** Required work **
Retype, word for word, every line from the one holding "Das dreischichtige Aufbaukonzept" through the one holding "Private en-suite bath" in the entries below, both included, and only those lines.
▼
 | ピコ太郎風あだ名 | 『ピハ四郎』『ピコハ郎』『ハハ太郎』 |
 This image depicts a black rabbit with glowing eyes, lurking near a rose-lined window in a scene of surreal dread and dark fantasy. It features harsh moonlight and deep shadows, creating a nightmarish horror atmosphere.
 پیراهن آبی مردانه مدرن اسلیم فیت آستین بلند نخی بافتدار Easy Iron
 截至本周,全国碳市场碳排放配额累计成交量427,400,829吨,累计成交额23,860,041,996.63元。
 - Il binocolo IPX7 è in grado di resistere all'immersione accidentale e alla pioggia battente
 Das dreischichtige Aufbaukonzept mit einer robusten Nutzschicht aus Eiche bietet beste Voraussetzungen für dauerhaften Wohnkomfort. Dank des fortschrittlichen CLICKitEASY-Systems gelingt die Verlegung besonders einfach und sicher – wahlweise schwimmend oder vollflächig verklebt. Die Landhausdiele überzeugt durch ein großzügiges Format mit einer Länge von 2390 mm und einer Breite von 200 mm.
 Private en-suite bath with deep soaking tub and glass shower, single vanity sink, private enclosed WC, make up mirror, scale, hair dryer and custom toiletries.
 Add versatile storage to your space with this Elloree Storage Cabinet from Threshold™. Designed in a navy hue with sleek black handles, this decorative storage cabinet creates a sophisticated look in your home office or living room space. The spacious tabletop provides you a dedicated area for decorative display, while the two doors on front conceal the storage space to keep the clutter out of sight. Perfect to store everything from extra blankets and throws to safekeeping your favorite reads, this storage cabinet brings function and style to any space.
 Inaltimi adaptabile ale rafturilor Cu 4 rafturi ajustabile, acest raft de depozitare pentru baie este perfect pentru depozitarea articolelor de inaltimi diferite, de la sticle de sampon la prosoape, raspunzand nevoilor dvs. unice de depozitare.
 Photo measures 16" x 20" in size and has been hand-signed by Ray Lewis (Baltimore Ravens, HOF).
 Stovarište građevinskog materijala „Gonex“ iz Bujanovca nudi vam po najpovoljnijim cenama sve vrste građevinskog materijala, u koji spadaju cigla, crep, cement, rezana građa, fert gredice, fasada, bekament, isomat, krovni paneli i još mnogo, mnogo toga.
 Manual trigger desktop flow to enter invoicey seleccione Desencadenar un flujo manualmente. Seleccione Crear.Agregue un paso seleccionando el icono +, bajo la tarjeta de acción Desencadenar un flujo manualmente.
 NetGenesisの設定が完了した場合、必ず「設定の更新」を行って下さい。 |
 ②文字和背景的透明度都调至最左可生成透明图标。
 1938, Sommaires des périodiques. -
▲
** Finished task **
 Das dreischichtige Aufbaukonzept mit einer robusten Nutzschicht aus Eiche bietet beste Voraussetzungen für dauerhaften Wohnkomfort. Dank des fortschrittlichen CLICKitEASY-Systems gelingt die Verlegung besonders einfach und sicher – wahlweise schwimmend oder vollflächig verklebt. Die Landhausdiele überzeugt durch ein großzügiges Format mit einer Länge von 2390 mm und einer Breite von 200 mm.
 Private en-suite bath with deep soaking tub and glass shower, single vanity sink, private enclosed WC, make up mirror, scale, hair dryer and custom toiletries.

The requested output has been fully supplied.